Feb 18 - Market Talk Roundup: Latest on Commodities, U.S. Politics (WSJ DJ Reuters)

- The dollar held its ground after its first back-to-back gains in two weeks as upbeat data bolstered expectations that the U.S. economy would recover from the coronavirus pandemic faster than most of its peers.

- Oil prices rallied again to hit 13-month highs as concerns that a rare cold snap in Texas could disrupt U.S. crude output for days or even weeks prompted fresh buying.
- Gold prices clawed back from a 2-1/2-month low marked in the previous session, as U.S. Treasury yields retreated, lifting the non-yielding bullion's appeal.
- Copper prices jumped to their highest in nearly a decade as top metals consumer China returned from a week-long Lunar New Year holiday, with brightening demand prospects and supply concerns underpinning the market.
- Chicago wheat futures slid for a second straight session as concerns eased about crop losses from recent cold weather across the United States.
- Raw sugar futures on ICE hit their highest in nearly four years on Wednesday, with the front-month reaching a contract high, buoyed by optimism in the wider financial markets and by nearby supply tightness.
- Malaysian palm oil futures fell nearly 2%, reversing some of the previous session's gains despite a rally in rival oils, on fears of lower demand and as Malaysia raised its reference price for March export tax.

Feb 17 - Market Talk Roundup: Latest on Commodities, U.S. Politics (WSJ DJ Reuters)

- The dollar held the upper hand against low-yielding currencies, hitting a five-month high against the yen as U.S. bond yields jumped on the prospects of further economic recovery and a possible acceleration in inflation.

- Bullish oil prices marked time, as support from supply disruptions in the U.S. south caused by an Arctic blast was offset by expectations that OPEC+ producers may ease their output curbs after April.
- Gold prices extended losses for a fifth straight session, slipping to near two-week lows as soaring U.S. Treasury yields and a firmer dollar dented the bullion's appeal.
- Benchmark LME copper edged higher, hovering around 2012 highs on optimism about a global economic recovery that bodes well for metals demand, against the backdrop of tightening supply.
- Chicago wheat ticked lower as market participants took a breather after a more than 3% rally in the previous session, driven by cold weather across the U.S. grain belt which stoked concerns about crop losses.
- Raw sugar futures on ICE were higher on Tuesday, buoyed partly by further gains in global equity markets on sentiment that the rollout of COVID-19 vaccines could lead to a durable economic recovery.
- Malaysian palm oil futures climbed 3%, extending gains into a third session, as rival Chicago Board of Trade (CBOT) soyoil rose and the ringgit weakened.

- January retail numbers show the last round of stimulus went further than expected, Capital Economics says. "The 5.3% m/m surge in retail sales in January completely smashed our own and the consensus expectation of a more modest 1% gain and highlights how quickly reopenings and the $600 stimulus checks have translated into stronger spending," CE says.
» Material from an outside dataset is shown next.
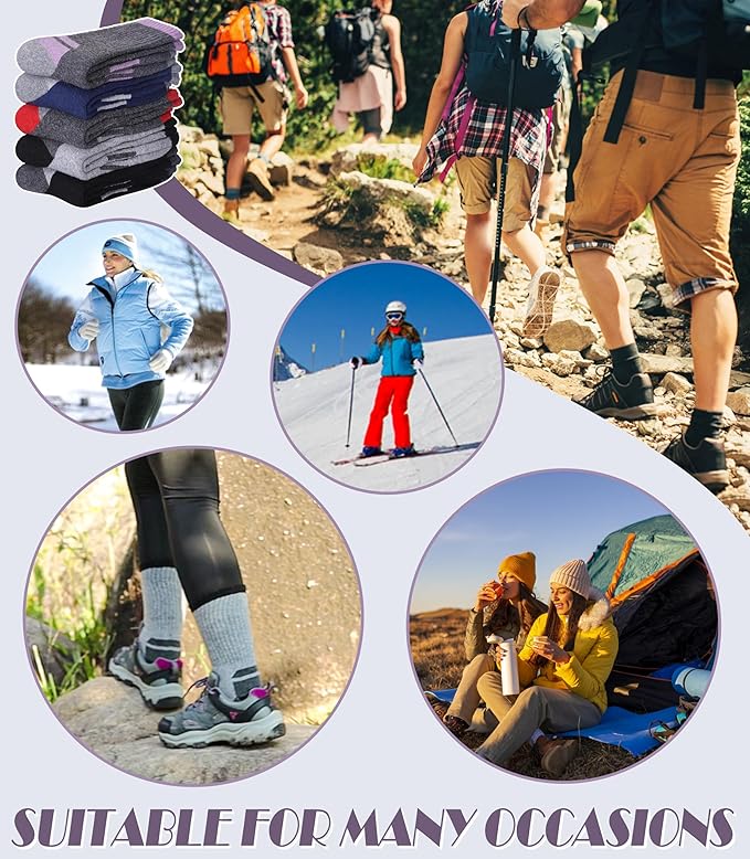 DYW Womens Merino Wool Hiking Socks Thermal Warm Winter Boot Crew Socks Cushion Work Walking Gift Socks 5 Pairs

It now believes 1Q GDP growth could be stronger than its 6% forecast, even though the research firm expects retail sales to fall back this month. "We are still comfortable with our forecast for 6.5% GDP growth in 2021, which is well above consensus."

- With the impeachment trial behind them, the Senate will get back to advancing President Joe Biden's nominees next week, including his pick to be deputy Treasury secretary. The Senate Finance Committee will hold a hearing to consider the nomination of Adewale "Wally" Adeyemo Feb. 23, according to a person familiar with the matter. Adeyemo, who would serve as Secretary Janet Yellen's right hand, served as deputy director of the National Economic Council and was a former international economic adviser during the Obama administration. He worked most recently as the president of Obama's foundation, and has previously worked at BlackRock.

Feb 16 - Market Talk Roundup: Latest on Commodities, U.S. Politics (WSJ DJ Reuters)

- The dollar fell to a three-week low, sterling hit an almost three-year high and commodity currencies rose as vaccination progress added to investors' recovery hopes.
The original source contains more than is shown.